- YOUR OBJECTIVE
Starting with the line that contains "Pet Description:Black and" and ending with the last line of the entries, repeat exactly those lines and nothing else, pictures excluded.

- DATA EXTRACTS
▼▼▼

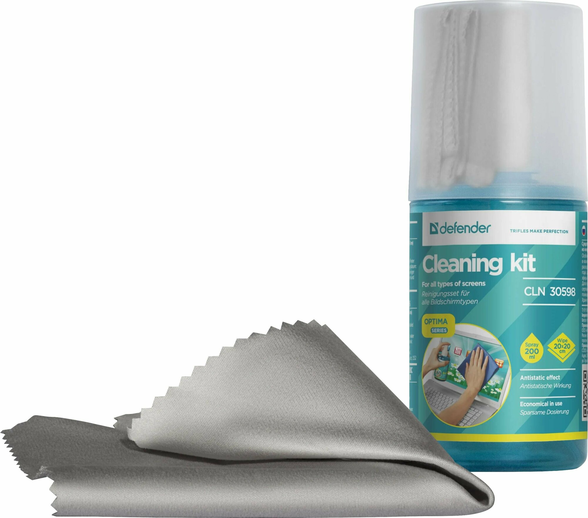 Очищающий комплекс для экранов Defender CLN 30598 Optima 200мл+микрофибра
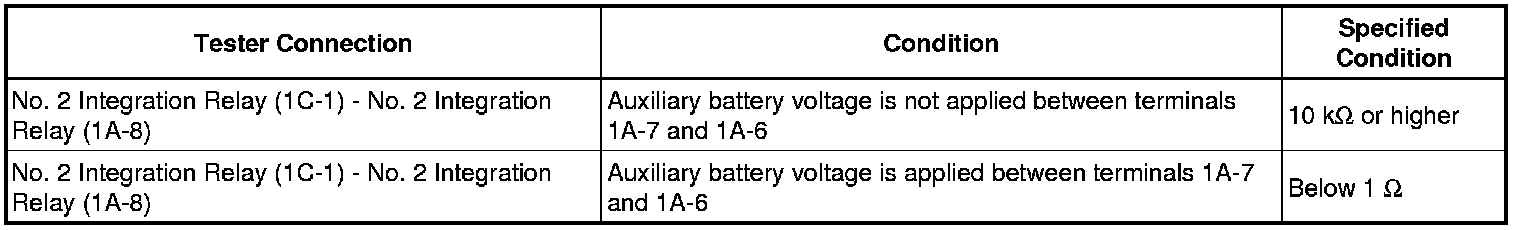 If the resistance is not as specified, replace the No. 2 integration relay.
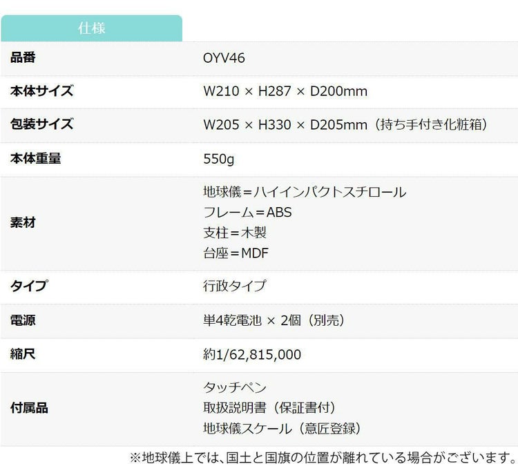 【付属品】タッチペン、地球儀スケール、取扱説明書(1年間保証書) |
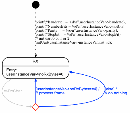 Coming back now to the example of three serial interfaces. The following figure shows a simplified state machine for handling a serial interface. The state machine is generic. Whether COM0 or COM1 or COM2 is processed is determined only from the content of the instance variable. And also other parameters are stored there and of course the local machine variables.
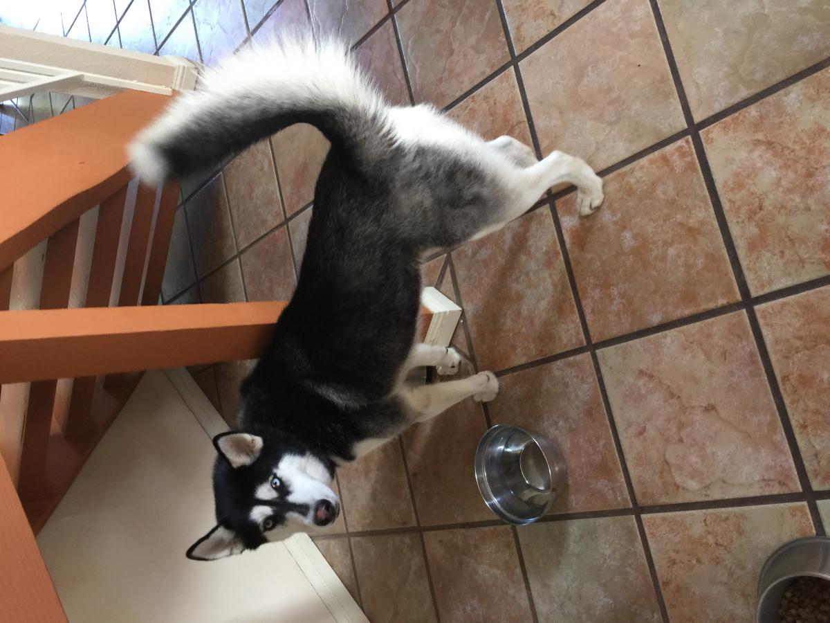 Pet Description:Black and white husky with one blue one brown eye. Very friendly |
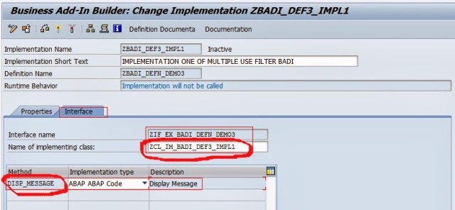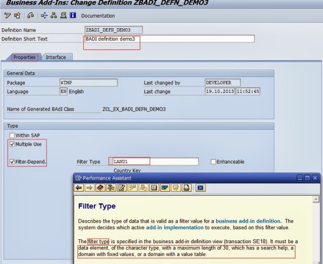 Step3. Provide a short description. In the properties section, the system automatically generates a BADI Class based on the BADI name. In the TYPE section, select multiple use option which indicates that this BADI can be used for multiple implementations and also select Filter-Depend. Provide a Filter Type as LAND1(country dependent filter). As per the information provided , the filter type should be a DATA ELEMENT . Click on the Interface tab.
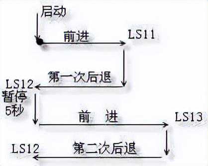 2)台车后退时,直到限位开关LS12动作,停5秒
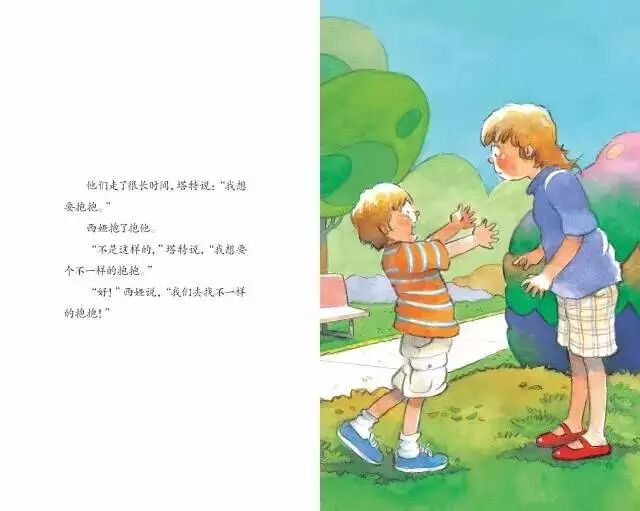 塔特走累了,对着姐姐西娅说:“我想要抱抱”。西娅抱了抱塔特,不过塔特却想要不一样的抱抱,于是姐弟俩开始去寻找不一样的抱抱。
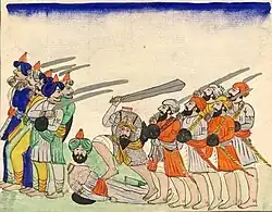 A headless Baba Deep Singh fighting the Afghan forces at the Battle of Amritsar
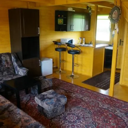 Domek holenderski wyposażony w aneks kuchenny (umywalka, lodówka, czajnik, mikrofala) toaletę, sypialnię z łożem małżeńskim i pokój dzienny (z dwuosobową wersalką).
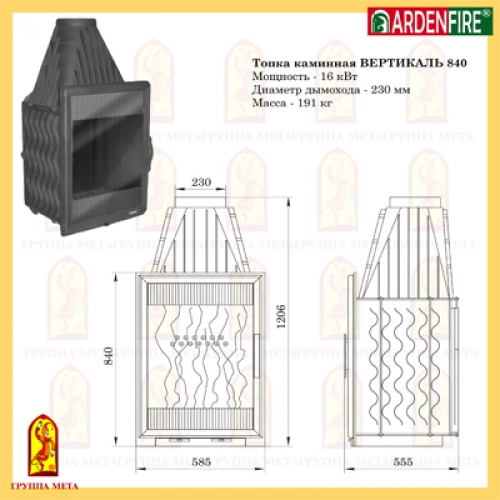 Каминная топка Мета Ardenfire Вертикаль 840

▲▲▲

- SOLUTION TO THE EXERCISE
 Pet Description:Black and white husky with one blue one brown eye. Very friendly |
 Step3. Provide a short description. In the properties section, the system automatically generates a BADI Class based on the BADI name. In the TYPE section, select multiple use option which indicates that this BADI can be used for multiple implementations and also select Filter-Depend. Provide a Filter Type as LAND1(country dependent filter). As per the information provided , the filter type should be a DATA ELEMENT . Click on the Interface tab.
 2)台车后退时,直到限位开关LS12动作,停5秒
 塔特走累了,对着姐姐西娅说:“我想要抱抱”。西娅抱了抱塔特,不过塔特却想要不一样的抱抱,于是姐弟俩开始去寻找不一样的抱抱。
 A headless Baba Deep Singh fighting the Afghan forces at the Battle of Amritsar
 Domek holenderski wyposażony w aneks kuchenny (umywalka, lodówka, czajnik, mikrofala) toaletę, sypialnię z łożem małżeńskim i pokój dzienny (z dwuosobową wersalką).
 Каминная топка Мета Ardenfire Вертикаль 840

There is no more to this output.